With this change, we would end up reporting nearly the same sampling
information twice, for example:

    INFO:  analyzing "public.ft"
    INFO:  "ft": table contains 10 rows, 10 rows in sample
    INFO:  finished analyzing table "postgres.public.ft"
    sampling: 10 rows in sample, 10 estimated total rows

Wouldn't it be less confusing to avoid reporting the second sampling line?


> > The other nit comment is, as you add 4 parameters to acquire_sample_rows(), they are all output parameters, I think
youneed to update the header comment to describe them. 
>
> I agree with consolidating the sampling statistics into a single struct, and I have implemented this change. I
consideredwhether to include the existing totalrows and totaldeadrows in the new struct, but decided against it for
now.Since totalrows in particular is used extensively throughout the codebase, including it would expand the scope
beyondthe original goal of improving log output.
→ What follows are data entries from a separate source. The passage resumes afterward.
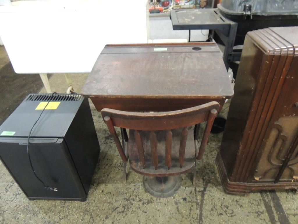 SCHOOL HOUSE DESK WITH CHAIR STORAGE AND OPEN TOP SCHOOL DESK AS SHOWN SEE PHOTO FOR MORE DETAILS.
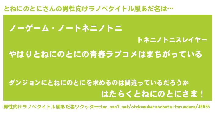 | ファンタジー風あだ名 | 『エターナルトネニノトニー』 |
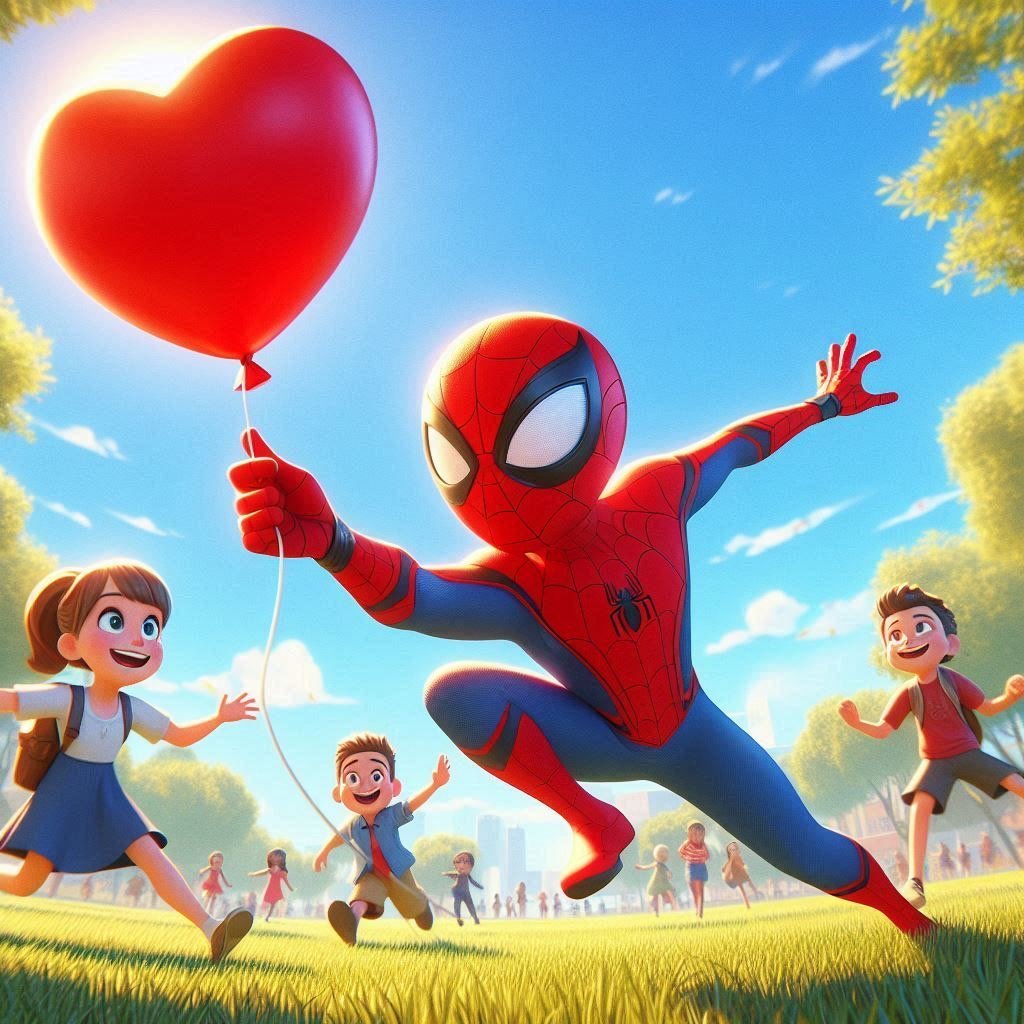 Ahogy pókfonalán átsuhant a házak között, egyszer csak gyereknevetést hallott. A közeli parkban sok-sok család piknikezett, játszottak, és lufikat engedtek a magasba. Pókember megállt egy lámpaoszlop tetején, és mosolyogva nézte őket.
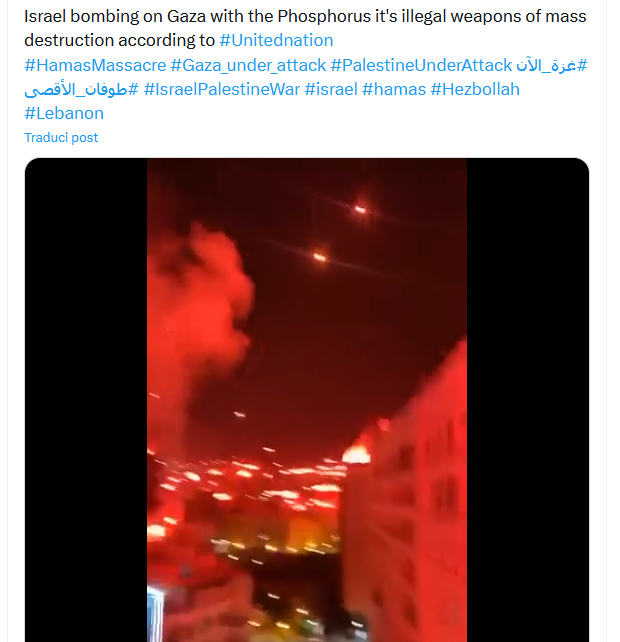 Un account di “geopolitica” accusa Israele di aver usato sulla striscia di Gaza delle armi al fosforo, quindi commettendo crimini di Guerra, quindi invocando l’intervento delle Nazioni Unite.
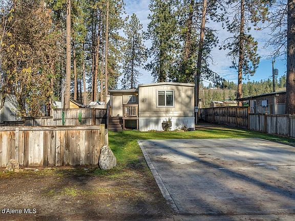 This is IT! Pride of ownership throughout in this renovated single-wide that feels larger and younger than it is! Conveniently located park near HWY's 90 and 41 in Post Falls. The hot tub and shed are staying. The rear yard is fully fenced. Extra storage closet on the rear deck. Great first-time home buyer or downsizer opportunity. A real value at this price! Newer updates include LVP flooring, siding, NEW paint, some new fencing and so much more! Come see your new home! You will love it!
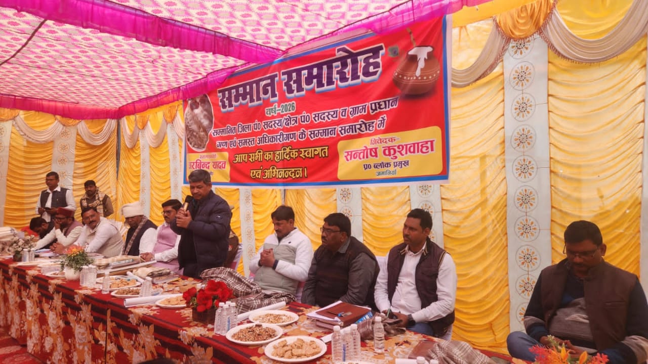 जमानिया (गाजीपुर) जयदेश। स्थानीय ब्लॉक परिसर में सोमवार को ब्लॉक प्रमुख प्रतिनिधि संतोष कुशवाहा की ओर से जनप्रतिनिधि सम्मान समारोह एवं खिचड़ी सहभोज का भव्य आयोजन किया गया। कार्यक्रम में क्षेत्र के विकास में योगदान देने वाले जनप्रतिनिधियों एवं अधिकारियों को सम्मानित किया गया।
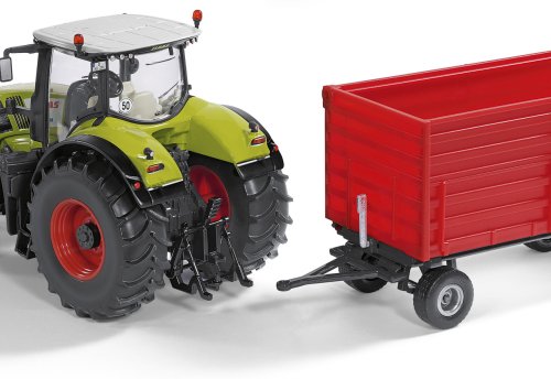 Přívěs za traktor v měřítku 1:32. Dvouosé středové otočné talířové přívěsy jsou nezbytnou součástí pracovního zařízení při farmářských pracích a sklizni. Přívěs je vybaven kovovým podvozkem a sklopným plastovým žlabem. Pravá bočnice lze otevřít. Funkce sklopení je umístěna na pravé straně. Spojka přívěsu umožňuje spojit dva z těchto přívěsů jako sběrný tým. Rozměr balení: 115 x 210 x 82 mm. Rozměr: 185 x 69 x 91 mm. Věk: 3+

This can be addressed in a future patch if needed. 

I'm not sure it's acceptable to change the FDW API and require
FDW authors to update their extensions, especially since
the benefit on the FDW side seems limited at this point.

OTOH, *if* we decide to change the API, we should clearly define
how the SamplingStats returned by AcquireSampleRowsFunc is
processed in core, update fdwhandler.sgml, and consider
whether this API change is actually useful for FDWs.


> I ran pgindent, but the results differed from the existing coding style in the same files:
>  - Three tabs were inserted before the struct name at the end of typedef (existing style uses one space)
>  - A space was inserted between * and the variable name (existing style has no space)
> So, I have reverted the pgindent changes. If there is a specific configuration needed, please let me know.

You may need to update src/tools/pgindent/typedefs.list.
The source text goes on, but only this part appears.